Temperatures soared into the 90s and rain fell steadily for one entire week. During one stretch, they spent eight days on the side of the cliff, camping out in a portaledge tent hanging from the face of the big wall. A portaledge is a hanging tent system designed for rock climbers.

“I’ve done trips before with a friend, but this was a lot of work,” Smith said.

With his background working on elite hotshot firefighting crews, Traub said he was used to digging in the dirt.

When not working, they stressed about whether the route would get finished, whether rain would shut them down and if they would be able to complete the climb, all while being tormented by biting horseflies the size of dimes.

“It was blue-collar work,” Smith said.

Final ascent

The payoff was the opportunity to free-climb the entire route. It took 15 hours to ascend the 19 pitches, the last one a scramble to the top. The majority of the pitches were rated 5.11, with one a 5.12. A 5.11 is a steep route that requires difficult and powerful moves. A 5.15a climb is considered the most difficult.

“When we left, the locals were happy with the route,” Smith said. “It’s one of those things, the more you think about it, it’s amazing how it all worked out.”

“After having some other folks climb it from the local area and being happy with it, that makes it worthwhile,” Traub said.

Although rewarding to have established a big-wall first ascent, Smith is looking forward to less-gear intensive routes for a while. And despite being gone for almost two months, he had no desire to spend more than a short time in Miles City visiting family.

After a brief stop in Billings to visit his brother, he was on to Mount Shasta in California where he has work in an outdoor school taking youngsters backpacking and climbing.

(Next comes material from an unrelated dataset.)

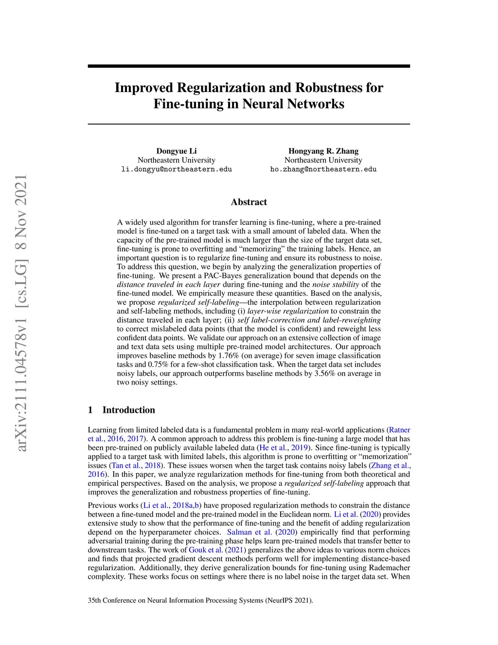 A widely used algorithm for transfer learning is fine-tuning, where a pre-trained model is fine-tuned on a target task with a small amount of labeled data. When the capacity of the pre-trained model is significantly larger than the size of the target dataset, fine-tuning is prone to overfitting and memorizing the training labels. Hence, a crucial question is to regularize fine-tuning and ensure its robustness against noise. To address this question, we begin by analyzing the generalization properties of fine-tuning. We present a PAC-Bayes generalization bound that depends on the distance traveled in each layer during fine-tuning and the noise stability of the fine-tuned model. We empirically measure these quantities. Based on the analysis, we propose regularized self-labeling -- the interpolation between regularization and self-labeling methods, including (i) layer-wise regularization to constrain the distance traveled in each layer; (ii) self-label-correction and label-reweighting to correct mislabeled data points (that the model is confident) and reweight less confident data points. We validate our approach on an extensive collection of image and text datasets using multiple pre-trained model architectures. Our approach improves baseline methods by 1.76% (on average) for seven image classification tasks and 0.75% for a few-shot classification task. When the target data set includes noisy labels, our approach outperforms baseline methods by an average of 3.56% in two noisy settings.

“I was home for a few days and the feeling I get right before I’m going to leave is exciting,” he said. “If you stay in one place too long, you know what’s going to happen and you know what’s not going to happen.”

One thing is for certain, though, both men would like to return to Chile just to climb, not to weed-eat the cliffs.

“I would definitely entertain the thought of going down to Chile, since we have the logistics figured out,” Traub said. “It’s by far one of the neatest spots I’ve ever climbed.”